This is very weird. The system has been stable so I copied over some large (8-25GB) data files and noted some mismatching md5sum values. What was odd, was that they didn't match for just the larger files.
No bad sectors on the drives, no SMART errors, no errors on the copy. Memory all tested fine.
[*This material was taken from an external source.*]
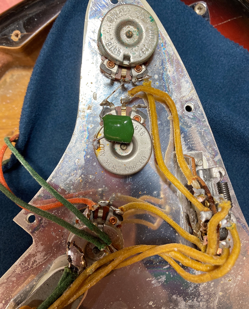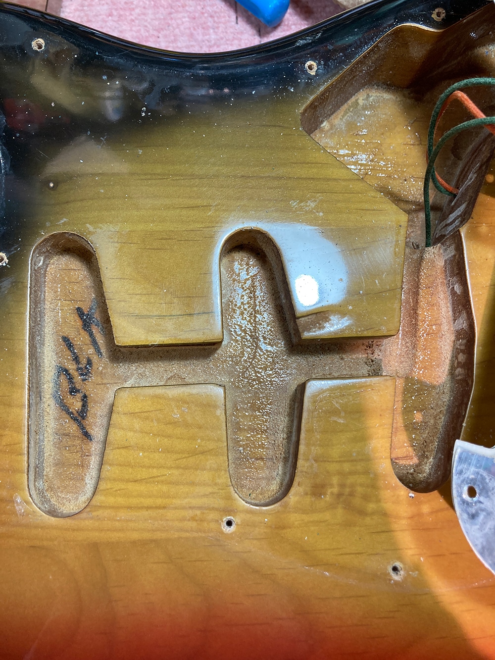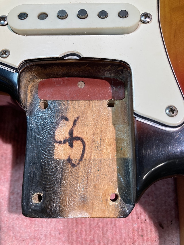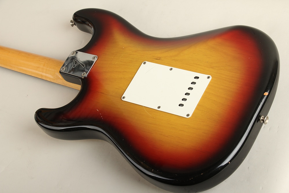 少しのキズ程度は見られますが年式からしてサンバーストの赤みや塗装面の艶も残っておりとても良好な状態です。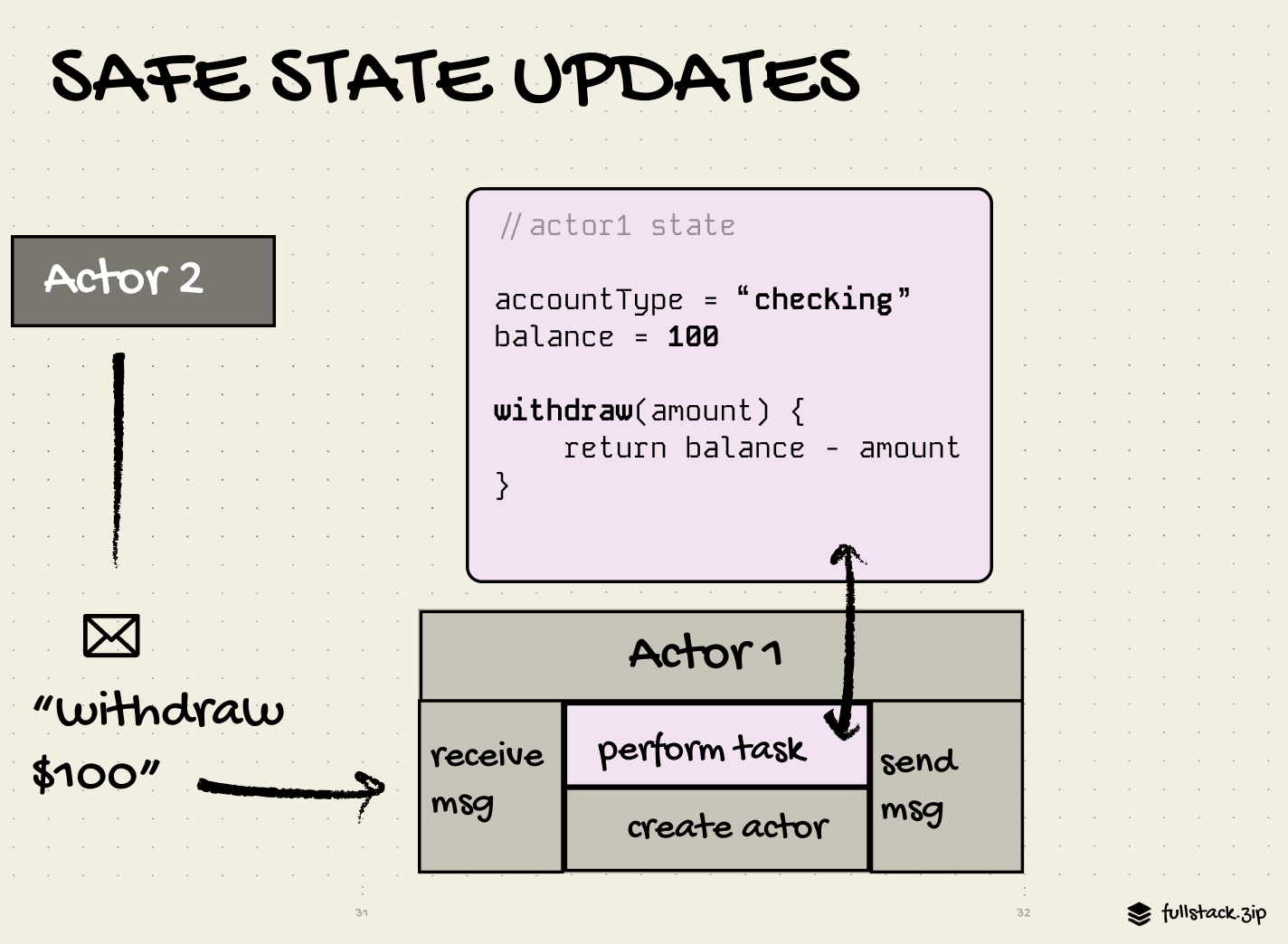 1. Each actor owns its state (no one else can directly mutate it)

Further, duplicate md5sum on the same file give different results (again, only with files >10GB). Here's an example with stable md5sum in a 4gb file, unstable for 12gb.
Code: Select all
dd if=/dev/urandom iflag=fullblock of=output.dat bs=1G count=4
4+0 records in
4+0 records out
4294967296 bytes (4.3 GB) copied, 66.9364 s, 64.2 MB/s
[jake@localhost ~]$ md5sum output.dat
d407ce8d4306ec8c65a0c2ebe27fa789 output.dat
[jake@localhost ~]$ md5sum output.dat
d407ce8d4306ec8c65a0c2ebe27fa789 output.dat
[jake@localhost ~]$ md5sum output.dat
d407ce8d4306ec8c65a0c2ebe27fa789 output.dat
[jake@localhost ~]$ md5sum output.dat
d407ce8d4306ec8c65a0c2ebe27fa789 output.dat
[jake@localhost ~]$ rm output.dat
[jake@localhost ~]$ dd if=/dev/urandom iflag=fullblock of=output.dat bs=1G count=6
6+0 records in
6+0 records out
6442450944 bytes (6.4 GB) copied, 98.9325 s, 65.1 MB/s
[jake@localhost ~]$ md5sum output.dat
6bc0ca2954a8df9067ff856d3b2d09db output.dat
[jake@localhost ~]$ md5sum output.dat
6bc0ca2954a8df9067ff856d3b2d09db output.dat
[jake@localhost ~]$ md5sum output.dat
6bc0ca2954a8df9067ff856d3b2d09db output.dat
[jake@localhost ~]$ md5sum output.dat
6bc0ca2954a8df9067ff856d3b2d09db output.dat
[jake@localhost ~]$ md5sum output.dat
6bc0ca2954a8df9067ff856d3b2d09db output.dat
[jake@localhost ~]$ rm output.dat
[jake@localhost ~]$ dd if=/dev/urandom iflag=fullblock of=output.dat bs=1G count=12
12+0 records in
12+0 records out
12884901888 bytes (13 GB) copied, 198.55 s, 64.9 MB/s
[jake@localhost ~]$ md5sum output.dat
20a096b779ad26cd6c596f1657c6f5a1 output.dat
[jake@localhost ~]$ md5sum output.dat
05a08057cfdb3c418da34cd06531133a output.dat
[jake@localhost ~]$ md5sum output.dat
30333dd0e1cb4f068d81548bbf8dabd8 output.dat
[jake@localhost ~]$ md5sum output.dat
30333dd0e1cb4f068d81548bbf8dabd8 output.dat
[jake@localhost ~]$ md5sum output.dat
30333dd0e1cb4f068d81548bbf8dabd8 output.dat
[jake@localhost ~]$ md5sum output.dat
30333dd0e1cb4f068d81548bbf8dabd8 output.dat
And, if you look at parts of larger files (head -c 4G | md5sum), you always get consistent values until you pass more than 8-10G to md5sum. These "partial" md5sums also always match the original files. If the files were corrupted, that wouldn't always be the case.
I found this post:
https://askubuntu.com/questions/968123/ ... vme-drives
I removed some ram as suggested, didn't change the behavior.
Any ideas? Maybe I should move this to a new post.